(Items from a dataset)
• • • •
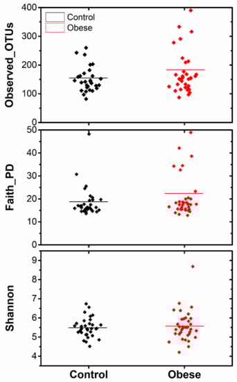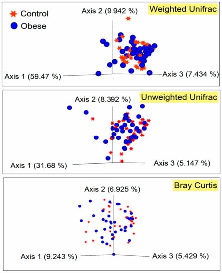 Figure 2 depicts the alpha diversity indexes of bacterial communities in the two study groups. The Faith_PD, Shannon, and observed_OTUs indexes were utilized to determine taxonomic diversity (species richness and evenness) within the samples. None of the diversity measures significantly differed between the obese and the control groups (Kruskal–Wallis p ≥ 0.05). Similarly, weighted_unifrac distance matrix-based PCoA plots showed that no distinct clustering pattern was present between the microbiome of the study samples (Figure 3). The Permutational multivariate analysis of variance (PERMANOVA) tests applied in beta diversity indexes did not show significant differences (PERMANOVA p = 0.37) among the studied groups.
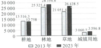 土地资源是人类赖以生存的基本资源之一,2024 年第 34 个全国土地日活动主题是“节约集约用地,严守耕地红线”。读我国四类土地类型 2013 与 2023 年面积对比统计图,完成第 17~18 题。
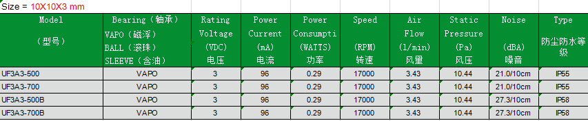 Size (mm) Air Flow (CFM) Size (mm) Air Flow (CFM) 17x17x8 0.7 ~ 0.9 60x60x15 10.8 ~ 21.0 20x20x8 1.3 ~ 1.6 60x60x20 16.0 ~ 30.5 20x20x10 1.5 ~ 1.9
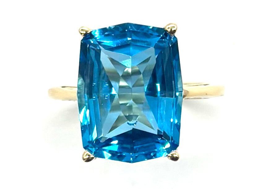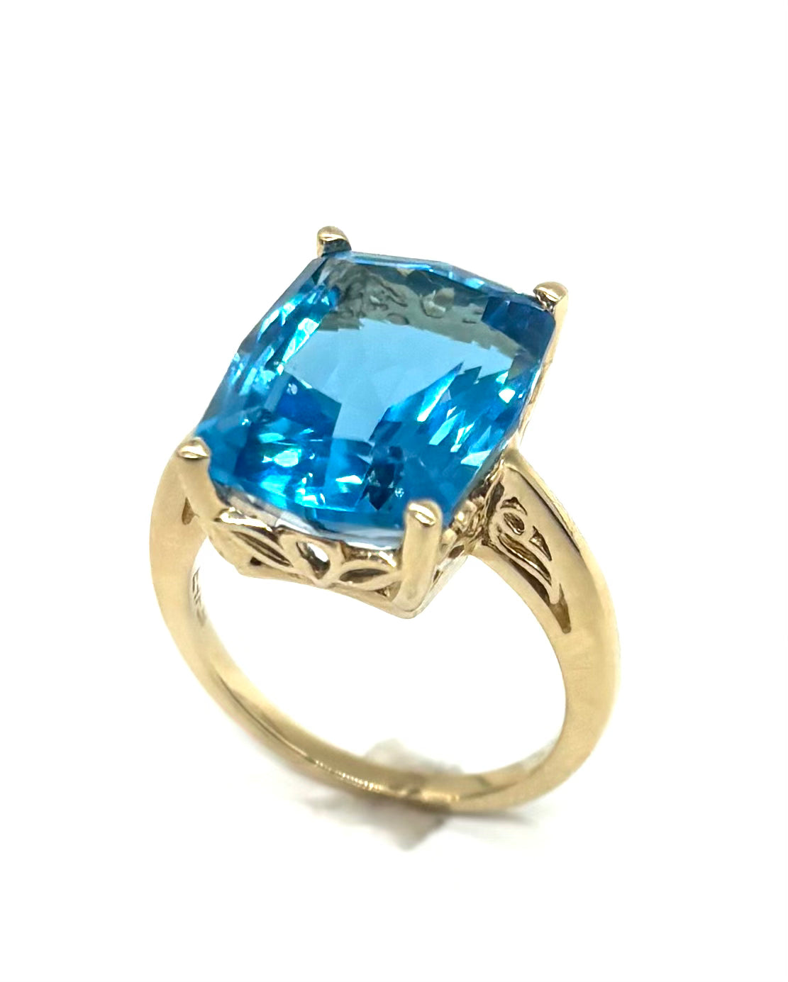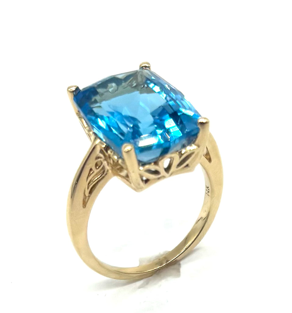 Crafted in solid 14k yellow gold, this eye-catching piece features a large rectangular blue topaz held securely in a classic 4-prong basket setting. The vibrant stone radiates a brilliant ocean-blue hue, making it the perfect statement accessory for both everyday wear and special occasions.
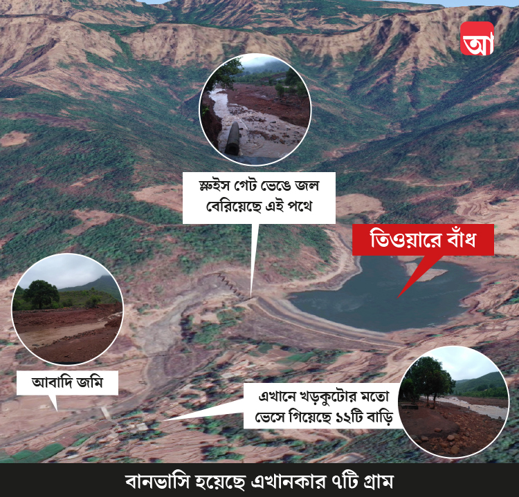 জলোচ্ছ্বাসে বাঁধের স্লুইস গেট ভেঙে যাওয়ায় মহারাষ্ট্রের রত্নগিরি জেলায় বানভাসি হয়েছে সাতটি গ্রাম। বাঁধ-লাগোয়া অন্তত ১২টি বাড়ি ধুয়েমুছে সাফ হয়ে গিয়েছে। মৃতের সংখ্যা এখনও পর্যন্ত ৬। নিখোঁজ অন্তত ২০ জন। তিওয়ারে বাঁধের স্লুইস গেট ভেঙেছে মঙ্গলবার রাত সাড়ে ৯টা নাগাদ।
• • • •
The entries are to be printed exactly as written; the pictures are to be left out.

• TASK ANSWER:
 Figure 2 depicts the alpha diversity indexes of bacterial communities in the two study groups. The Faith_PD, Shannon, and observed_OTUs indexes were utilized to determine taxonomic diversity (species richness and evenness) within the samples. None of the diversity measures significantly differed between the obese and the control groups (Kruskal–Wallis p ≥ 0.05). Similarly, weighted_unifrac distance matrix-based PCoA plots showed that no distinct clustering pattern was present between the microbiome of the study samples (Figure 3). The Permutational multivariate analysis of variance (PERMANOVA) tests applied in beta diversity indexes did not show significant differences (PERMANOVA p = 0.37) among the studied groups.
 土地资源是人类赖以生存的基本资源之一,2024 年第 34 个全国土地日活动主题是“节约集约用地,严守耕地红线”。读我国四类土地类型 2013 与 2023 年面积对比统计图,完成第 17~18 题。
 Size (mm) Air Flow (CFM) Size (mm) Air Flow (CFM) 17x17x8 0.7 ~ 0.9 60x60x15 10.8 ~ 21.0 20x20x8 1.3 ~ 1.6 60x60x20 16.0 ~ 30.5 20x20x10 1.5 ~ 1.9
 Crafted in solid 14k yellow gold, this eye-catching piece features a large rectangular blue topaz held securely in a classic 4-prong basket setting. The vibrant stone radiates a brilliant ocean-blue hue, making it the perfect statement accessory for both everyday wear and special occasions.
 জলোচ্ছ্বাসে বাঁধের স্লুইস গেট ভেঙে যাওয়ায় মহারাষ্ট্রের রত্নগিরি জেলায় বানভাসি হয়েছে সাতটি গ্রাম। বাঁধ-লাগোয়া অন্তত ১২টি বাড়ি ধুয়েমুছে সাফ হয়ে গিয়েছে। মৃতের সংখ্যা এখনও পর্যন্ত ৬। নিখোঁজ অন্তত ২০ জন। তিওয়ারে বাঁধের স্লুইস গেট ভেঙেছে মঙ্গলবার রাত সাড়ে ৯টা নাগাদ।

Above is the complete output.